** BRIEF **
The whole listing needs to be written out exactly, except for any images.

** DATA BLOCK **

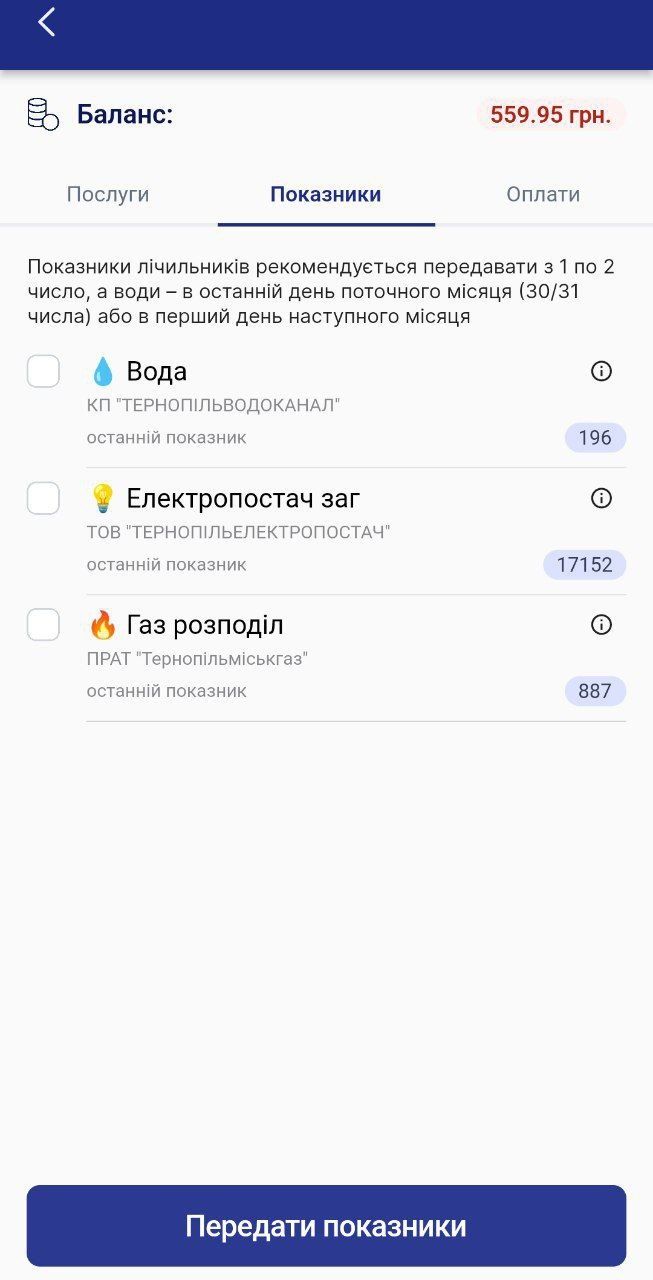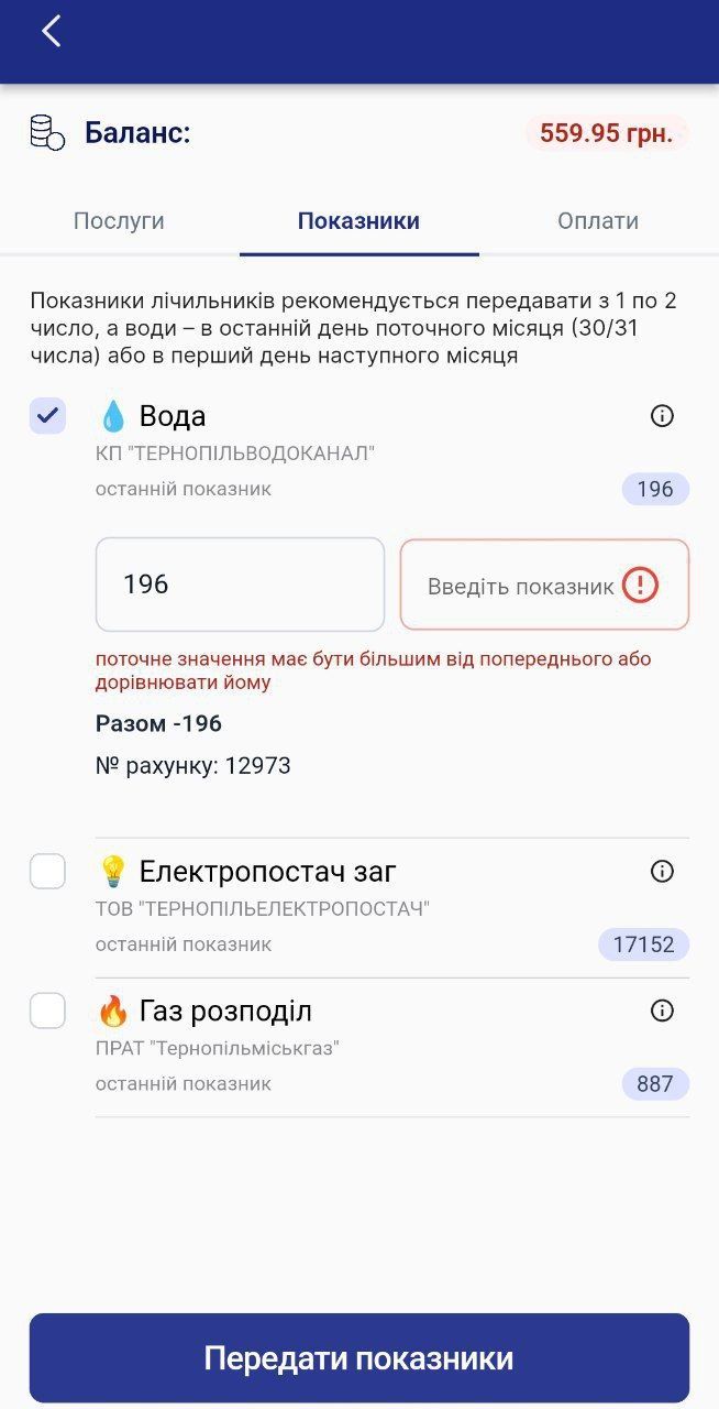Ви можете ввести показники лічильника води, газу та електрики. Також можна переглянути останній показник.
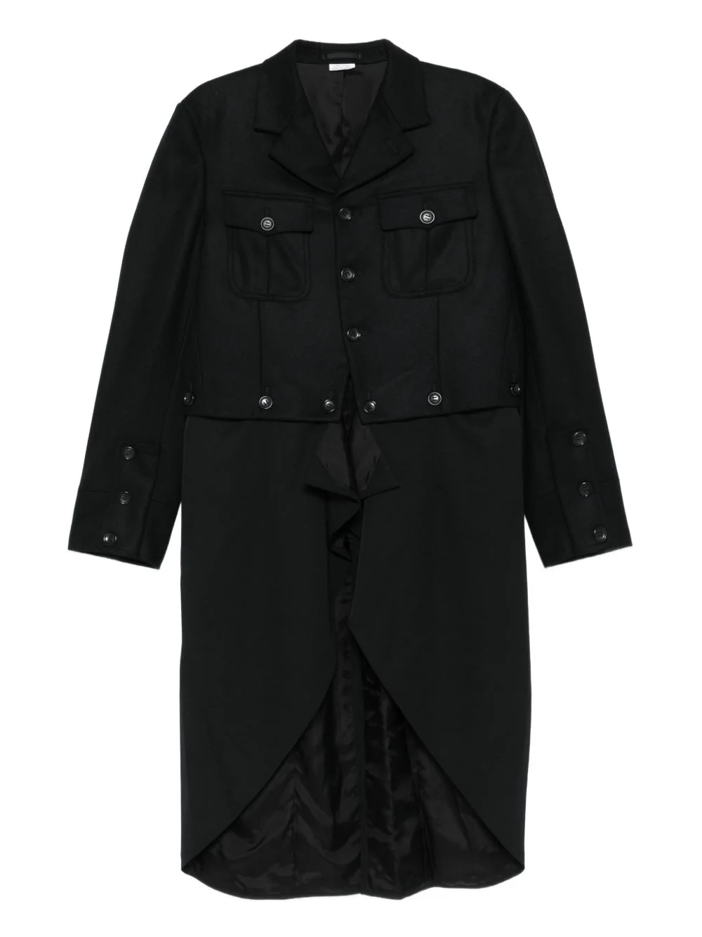 button-fastening flap-pocket coat Highlights - Black - Flap pockets - Button fastening - Long sleeves - Tailcoat design Imported Composition Fabric 100% Washing instructions Read Manufacturer Guidelines
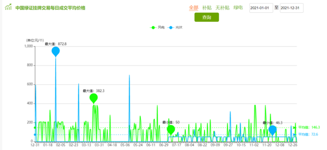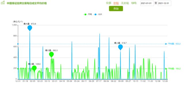 圖1 2021年補(bǔ)貼項(xiàng)目綠證成交價(jià)格情況

** ANSWER SECTION **
Ви можете ввести показники лічильника води, газу та електрики. Також можна переглянути останній показник.
 button-fastening flap-pocket coat Highlights - Black - Flap pockets - Button fastening - Long sleeves - Tailcoat design Imported Composition Fabric 100% Washing instructions Read Manufacturer Guidelines
 圖1 2021年補(bǔ)貼項(xiàng)目綠證成交價(jià)格情況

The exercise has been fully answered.